A summary of the methods discussed in this review is presented in Table 3.

Table 3 A summary of the main methods covered in this review is presented here

7 Conclusion

A thorough literature review of image watermarking for identity protection and authentication is presented in this paper. It covers several notable watermarking works which have left their mark on image watermarking research. The new systematisation is proposed and employed to classify various watermarking techniques. Moreover, existing studies are reviewed so that not only are their advantages and disadvantages presented to the readers, but they can also reverse-engineer those techniques. Furthermore, a questionnaire of vital questions must be acknowledged while evaluating an existing watermarking scheme, and developing a new one is compiled. Lastly, the recommendations within the questionnaire are outlined, providing readers with the potential solutions to the raised questions. Overall, the following conclusions are drawn from the proposed study.

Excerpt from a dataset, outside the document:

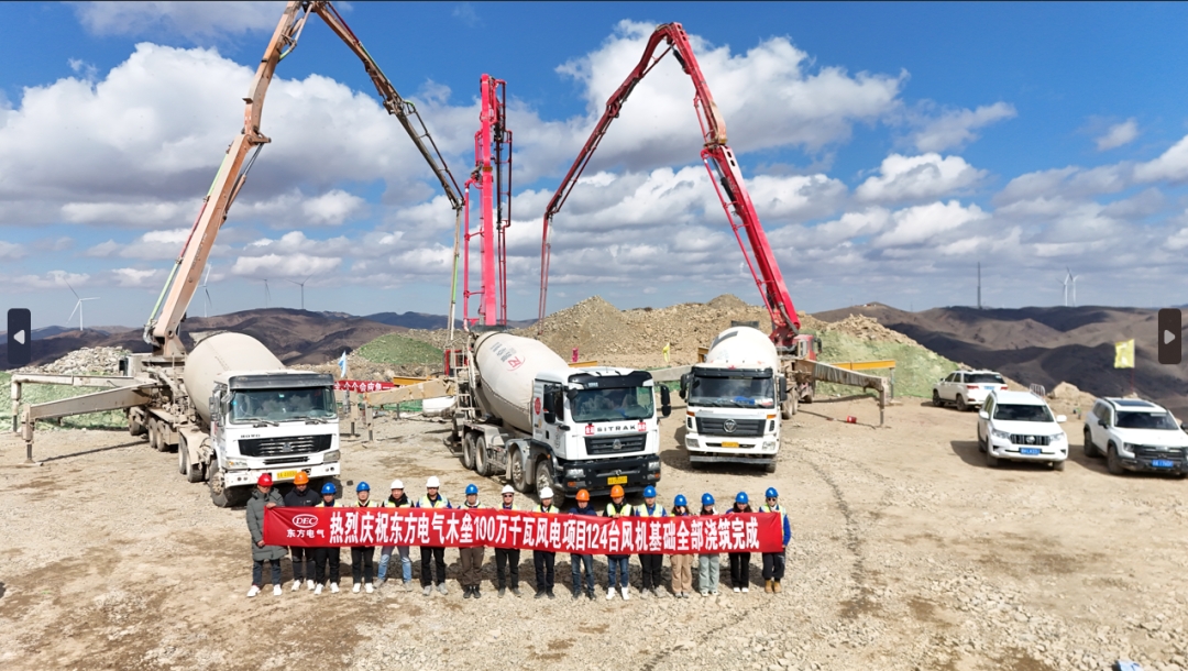 为保障项目顺利交付,9月26日,东方风电新疆木垒基地月产第100台风机轮毂顺利下线,创造了东方风电生产基地单月最大产出纪录。截至9月29日,该项目已完成40台风机吊装工作,完成率达32.2%;完成项目集电线路基础开挖工作共计788基,完成率达94%;220千伏汇集站也全面进入设备安装调试阶段。
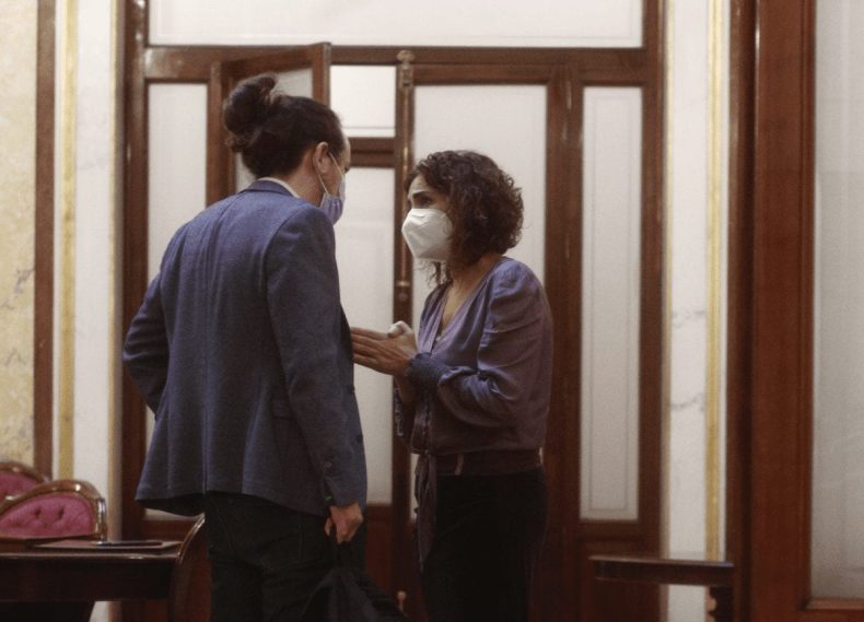 El vicepresidente segundo del Gobierno, Pablo Iglesias, y la ministra de Hacienda, la socialista María Jesús Montero, han protagonizado este miércoles una tensa conversación en los pasillos del Congreso hasta el punto de que se ha oído a la portavoz pedir al líder de Podemos que no sea «cabezón».

  • The proposed review covers over 100 prominent watermark ing works that have positively influenced and shaped the research area. Moreover, the methods discussed in the study are subject to a new systematisation, based on which a novel way of classifying watermarking techniques is proposed. A preview of the examined studies and how they are classified under the new systematisation is presented in Table 2.

  • The methods are reviewed in a way that highlights their pros and cons and allows readers to reverse-engineer those methods. To that end, the study has the potential to provide the necessary tools to the new entrants in the area to kick-start their research and equally serve their experienced peers as their go-to study whenever they want to revisit essential watermarking concepts.

  • Finally, a questionnaire is compiled wherein the vital questions that need to be acknowledged while evaluating an existing watermarking technique and developing a new one are presented. Moreover, the recommendations are also provided within the questionnaire, via which the questions raised can be tackled and addressed. A summary of the significant questions raised and their potential solutions in the form of our recommendations is outlined in Section 6.